Shock Diraba-raba Dokter saat Rapid Tes, Korban Bahkan Tak Mampu Berteriak

Seorang-warga-sedang-melakuakn-rapid-test.jpg
(Pemprov DKI Jakarta)

RIAU ONLINE, JAKARTA-Korban perempuan berinsial LHI (23) mengaku menjadi korban oknum seorang tenaga medis saat hendak menjalani rapid test.

Insiden kurang menyenangkan ini disampaikan korban melalui akun Twitter @listongs.

Dia bercerita, saat itu tidak sempat melakukan rapid test sehingga harus mejalani tes di Bandara Soekarno-Hatta sebelum keberangkatannya.

Namun, bukannya mendapatkan layanan yang baik, ia malah mendapatkan perbuatan kurang menyenangkan dari salah seorang tenaga medis.

Dalam utasnya tersebut, oknum tenaga kesehatan yang mengambil sampel tes COVID-19 dirinya tidak hanya meminta "uang tambahan", tapi juga melakukan pelecehan seksual.

"Bener-bener kaget dan gak bisa ngapa2in, si dokter bajingan ini malah melanjutkan aksinya dengan meraba-raba payudara aku. perasaanku hancur. bener-bener hancur. nangis sekeras-kerasnya dari dalam. bahkan untuk teriak tolong aja gak bisa," tulisnya dalam utas tersebut.

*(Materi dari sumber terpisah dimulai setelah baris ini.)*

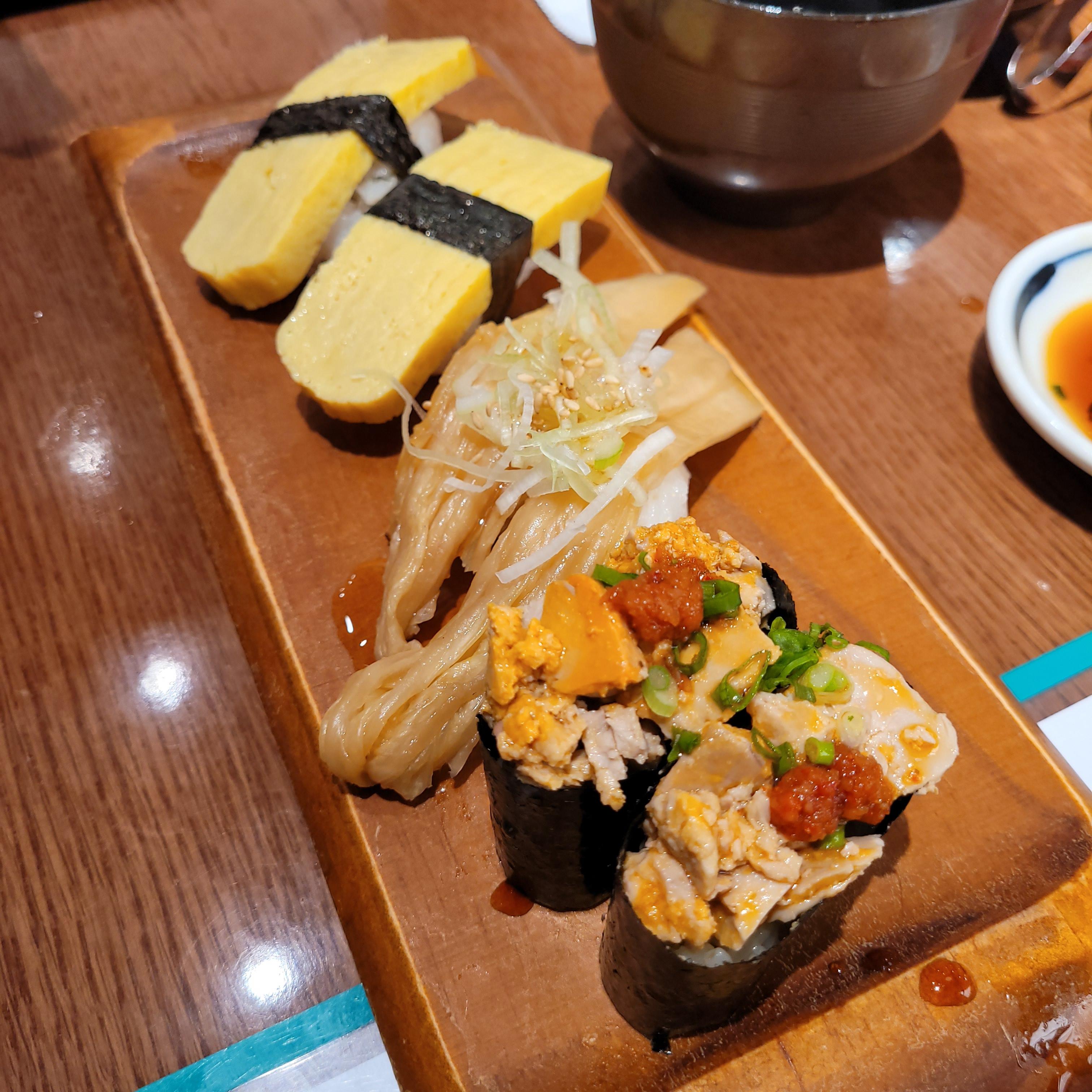 이제 좀 배불러서 마지막 저렴한 초밥 3가지 먹었어요.

Tidak berhenti disitu, karena hasil rapid test yang reaktif, meskipun ada dugaan dimanipulasi oleh oknum tersebut, ia bahkan harus membatalkan keberangkatannya dari Bandara Soekarno Hatta ke Nias.

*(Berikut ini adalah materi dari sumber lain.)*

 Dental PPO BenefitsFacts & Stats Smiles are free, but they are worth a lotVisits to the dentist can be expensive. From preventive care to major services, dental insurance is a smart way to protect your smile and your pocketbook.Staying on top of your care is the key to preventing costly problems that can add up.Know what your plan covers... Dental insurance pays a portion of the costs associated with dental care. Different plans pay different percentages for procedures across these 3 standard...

Berkaitan dengan hal ini, kepolisian dalam hal ini mengaku belum menerima laporan terkait kasus tersebut.

Dalam hal ini korban baru melaporkan terkait apa yang dia alami ke pihak bandara dan Ikatan Dokter Indonesia.

"Secara resmi belum ada yang melaporkan ke Sentra Pelayanan Kepolisian Terpadu (SPKT) Polresta Bandara Soekarno Hatta," kata Kasat Reskrim Polres Kota Bandara Soekarno Hatta, AKP Alexander Yurikho kepada wartawan, Jumat 18 September 2020 malam.

Ia menambahkan, pihaknya bakal tetap melakukan penyelidikan terkait hal tersebut. Kata dia, pihaknya akan lebih mudah melakukan penyelidikan jika korban membikin laporan.

"Penyelidikan akan tetap dilakukan oleh penyelidik Satreskrim Polresta Bandara Soekarno Hatta. Akan tetapi lebih memudahkan proses penegakan hukum jika yang merasa jadi korban membuat laporan secara resmi," pungkasnya.